Re: Problem while updating a foreign table pointing to a partitioned table on foreign server

2018-08-30 Thread Kyotaro HORIGUCHI
Hello.

At Fri, 24 Aug 2018 21:45:35 +0900, Etsuro Fujita  
wrote in <5b7ffdef.6020...@lab.ntt.co.jp>
> (2018/08/21 11:01), Kyotaro HORIGUCHI wrote:
> > At Tue, 14 Aug 2018 20:49:02 +0900, Etsuro
> > Fujita wrote
> > in<5b72c1ae.8010...@lab.ntt.co.jp>
> >> (2018/08/09 22:04), Etsuro Fujita wrote:
> >>> (2018/08/08 17:30), Kyotaro HORIGUCHI wrote:
> 
> >> I spent more time looking at the patch.  ISTM that the patch well
> >> suppresses the effect of the tuple-descriptor expansion by making
> >> changes to code in the planner and executor (and ruleutils.c), but I'm
> >> still not sure that the patch is the right direction to go in, because
> >> ISTM that expanding the tuple descriptor on the fly might be a wart.
> 
> > The exapansion should be safe if the expanded descriptor has the
> > same defitions for base columns and all the extended coulumns are
> > junks. The junk columns should be ignored by unrelated nodes and
> > they are passed safely as far as ForeignModify passes tuples as
> > is from underlying ForeignScan to ForeignUpdate/Delete.
> 
> I'm not sure that would be really safe.  Does that work well when
> EvalPlanQual, for example?

Nothing. The reason was that core just doesn't know about the
extended portion. So only problematic case was
ExprEvalWholeRowVar, where explicit sanity check is
perfomed. But, I think it is a ugly wart as you said. So the
latest patch generates full fdw_scan_tlist.

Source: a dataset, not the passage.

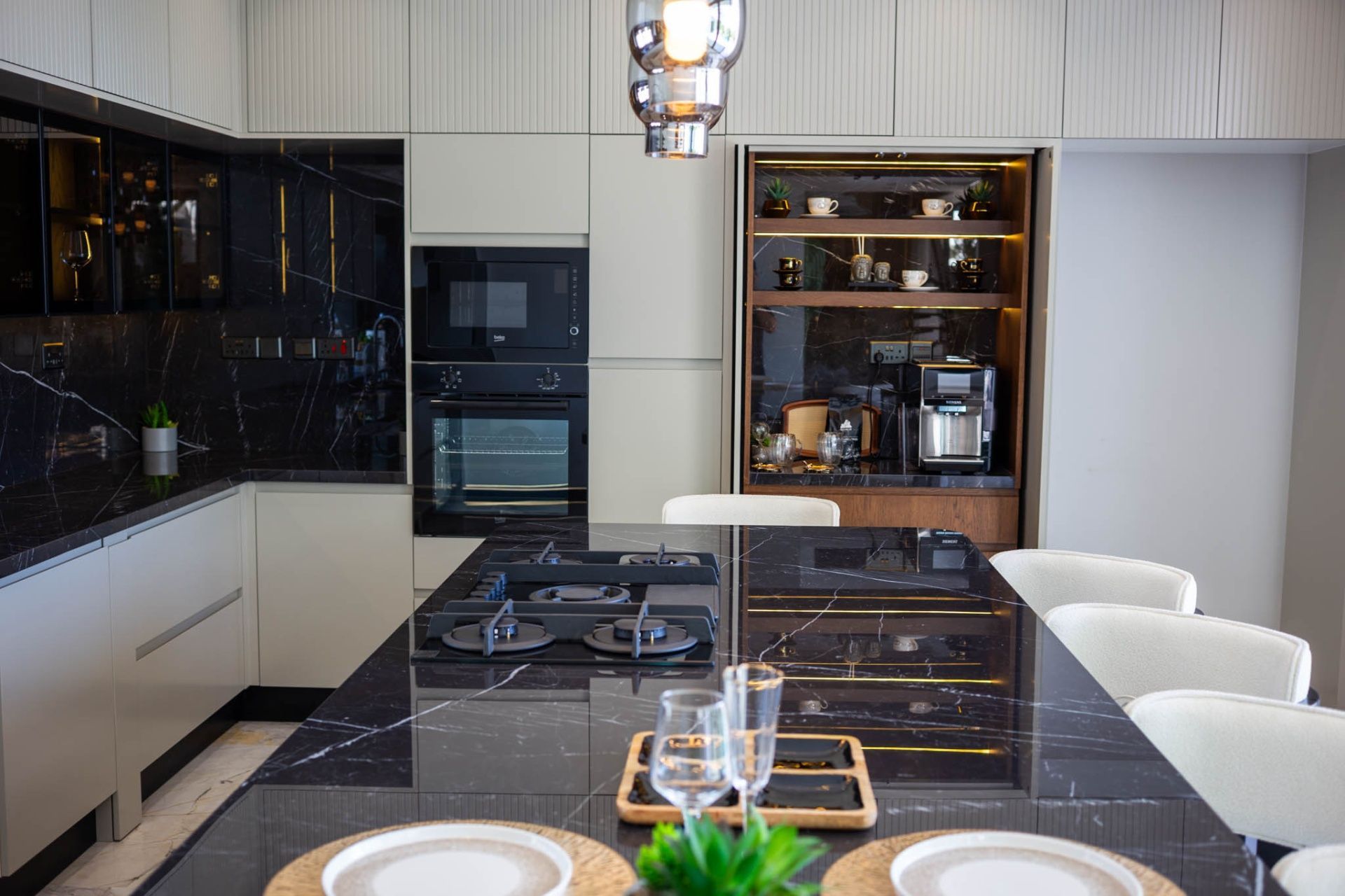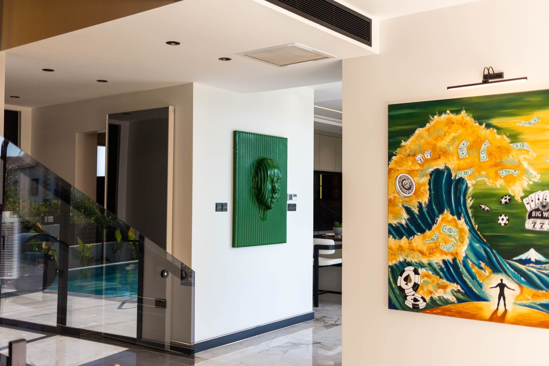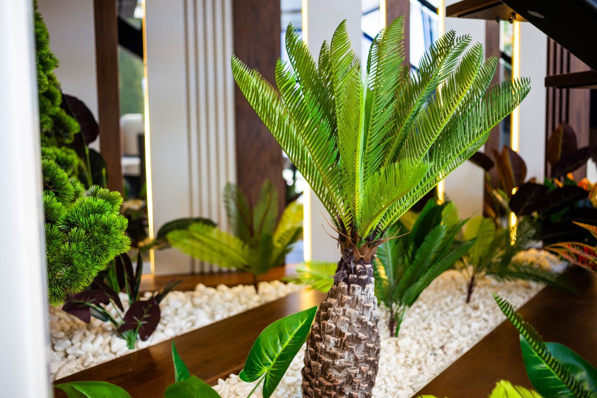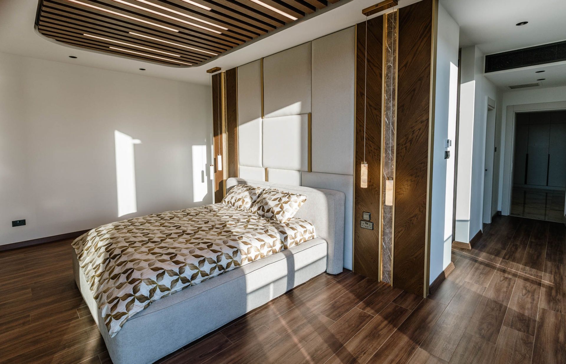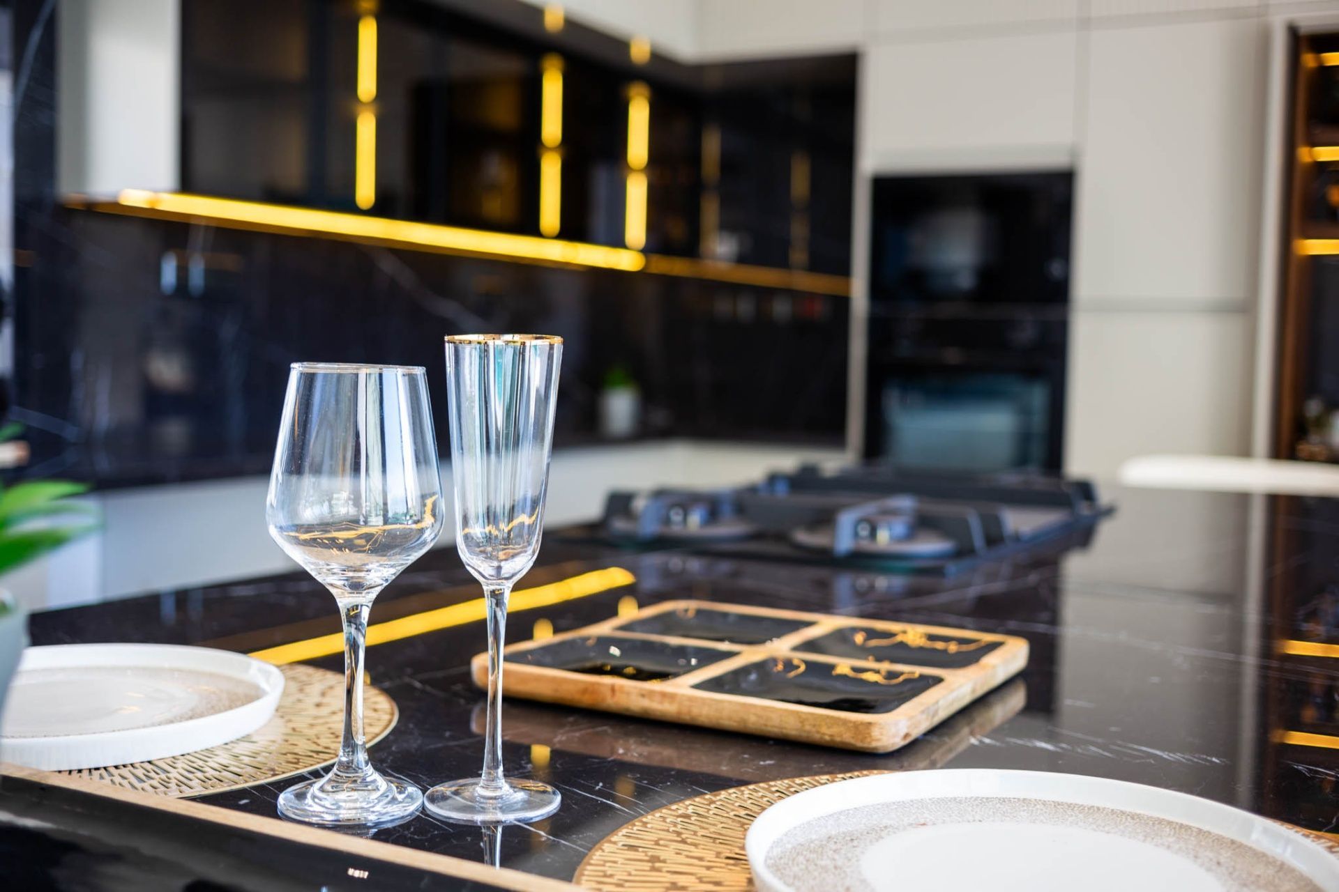 Двухэтажная вилла площадью 264 м² спроектирована в современном архитектурном стиле. На первом этаже просторная гостиная с выходом на террасу и отдельная кухня, выполненная из натурального камня. Всё зонировано так, чтобы пространство оставалось открытым, но приватным, как в лучших интерьерах премиум-отелей. Здесь же расположена гостевая спальня с личным санузлом и гардеробная при входе.

> > https://www.postgresql.org/docs/devel/static/fdw-planning.html
> >
> > Hmm. Thanks for the pointer, it seems to need rewrite. However,
> > it doesn't seem to work for non-join foreign scans, since the
> > core igonres it and uses local table definition.
> 
> Really?

No, I was wrong here. The core doesn't consider the case where
fdw_scan_tlist has attributes that is not a part of base relation
but it doesn't affect the description.

> >> You wrote:
> >>> I'm not sure whether the following ponits are valid.
> >>>
> >>> - If fdw_scan_tlist is used for simple relation scans, this would
> >>> break the case. (ExecInitForeignScan,  set_foreignscan_references)
> >>
> >> Some FDWs might already use that list for the improved efficiency for
> >> simple foreign table scans as explained above, so we should avoid
> >> breaking that.
> >
> > I considered to use fdw_scan_tlist in that way but the core is
> > assuming that foreign scans with scanrelid>  0 uses the relation
> > descriptor.
> 
> Could you elaborate a bit more on this?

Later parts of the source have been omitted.